03 DE ABRIL DE 2017 12:10 AM
Hace una semana, con la infamante sentencia 155 de su TSJ,
Nicolás Maduro despojó al régimen del último velo que le quedaba y mostró, ya
sin pudor, lo que la fallida revolución chavista nunca ha dejado de ser, una
dictadura en ininterrumpido proceso de desarrollo y descomposición.

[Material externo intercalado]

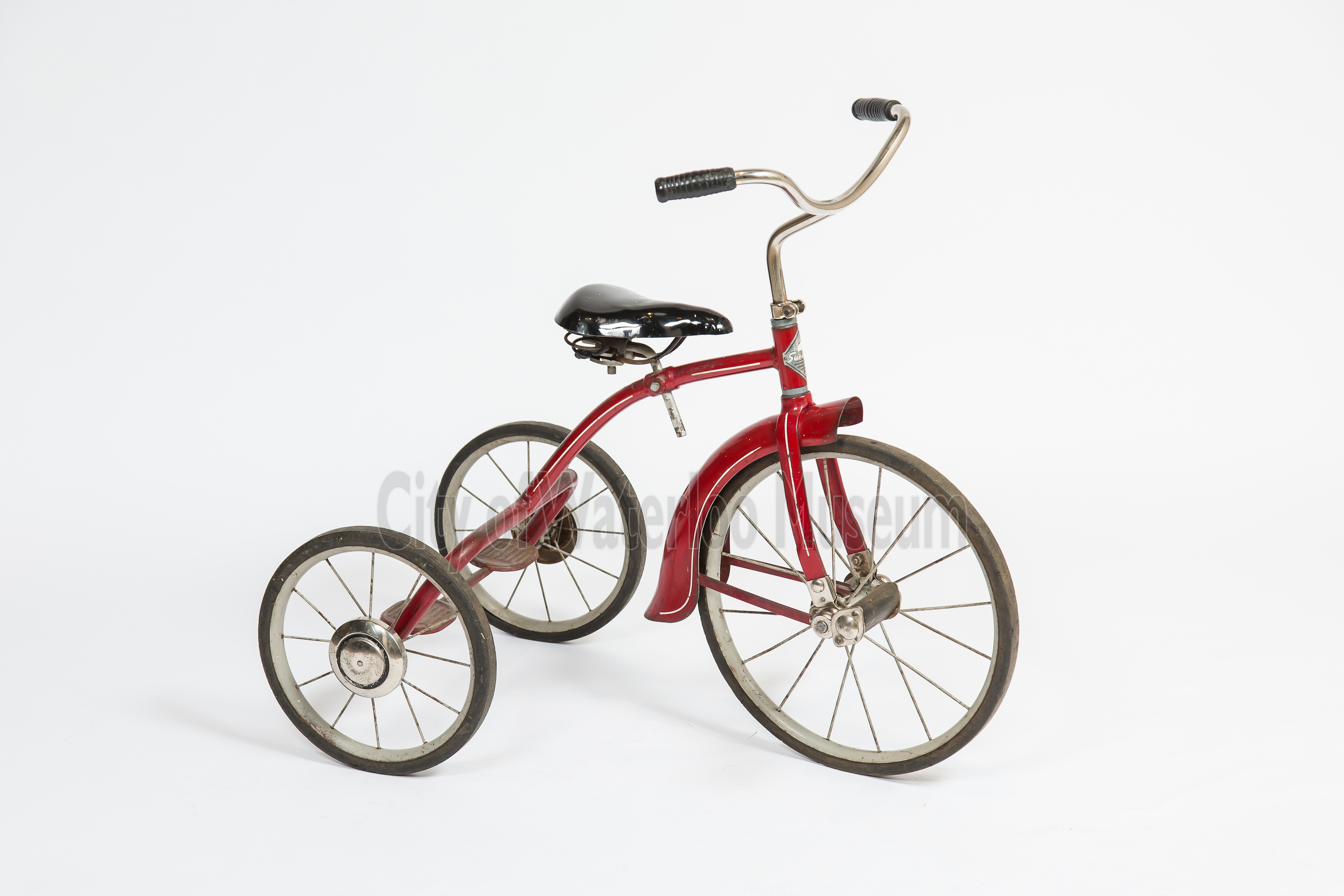 What 1950s kid wouldn’t love pedaling around on this flashy Sunshine Streamline tricycle? Fire-chief red frame, shiny wheels, blue leatherette seat, and a step plate for your friend to ride on the back. The perfect ride! Between 1946 and 1954, the Sunshine Waterloo Company offered a large range of kid and adult bikes. They ranged from tricycles and 3-speed racers to sidewalk bikes and whitewall balloon tire bikes.

El 12 de noviembre de 2004, en Fuerte Tiuna, Hugo Chávez se
lo había anticipado a los principales funcionarios del régimen, muchos de los
cuales le exigían acelerar la marcha de la revolución hacia el socialismo: “¿Es
el comunismo la alternativa? ¡No! No está planteado eliminar la propiedad
privada, el planteamiento comunista, no. Hasta ahí no llegamos. Nadie sabe lo
que ocurrirá en el futuro, pero en este momento sería una locura. Quienes lo plantearon
no es que estén locos, no. No es el momento”.
Dos años después, con su fácil victoria electoral sobre un
sumiso Manuel Rosales, Chávez creyó que al fin había llegado ese momento, que
la derrota opositora creaba las condiciones objetivas y subjetivas necesarias
para dar ese gran salto adelante y se puso inmediato a la tarea de hacer
realidad su proyecto de construir, a muy corto plazo, la futura República
Comunal de Venezuela.
Adaptar a Venezuela en pleno siglo XXI la Revolución
cultural china constituía una absurda y desafortunada ilusión, cuya verdadera
finalidad era promover la presidencia vitalicia de Chávez, el anacrónico
montaje de una estructura política de partido único y la cocción de un mejunje
que incluía condimentos tan incendiarios como el trabajo voluntario, la
educación como herramienta de ideologización guevarista, la conversión de los
ciudadanos en hombres y mujeres sin pensamiento crítico y la inseguridad
personal como política de Estado. Todo ello bajo la amenaza, si no de abolir por
completo la propiedad privada, al menos la decisión de limitarla y
condicionarla.
No obstante, para recorrer este camino, Chávez necesitaba
superar un serio obstáculo. La Constitución de 1999 permitía avanzar rumbo al
fin del pasado liberal de la democracia venezolana, pero de ningún modo le
abría las puertas al socialismo, a la manera cubana. Nuestro texto
constitucional apenas entreabría una rendija por donde filtrar los primeros
aires de renovación política y se imponía la necesidad de renovarlo a fondo
para poder eliminar legalmente el pluralismo político e ideológico, anular el
derecho individual de no ser socialista, arrebatarles su existencia a los
poderes locales y regionales y concentrar en manos de Chávez todos,
absolutamente todos los poderes, incluso el ascenso a todos los grados de todos
los componentes de la Fuerza Armada Nacional, como si la institución armada
fuera en realidad su guardia pretoriana, y el manejo de la política financiera
y monetaria del país, dejando incluso a su exclusivo arbitrio personal hasta el
manejo de las reservas internacionales, como si esa inmensa riqueza, en lugar
de ser un patrimonio de todos los venezolanos, formara parte del suyo personal.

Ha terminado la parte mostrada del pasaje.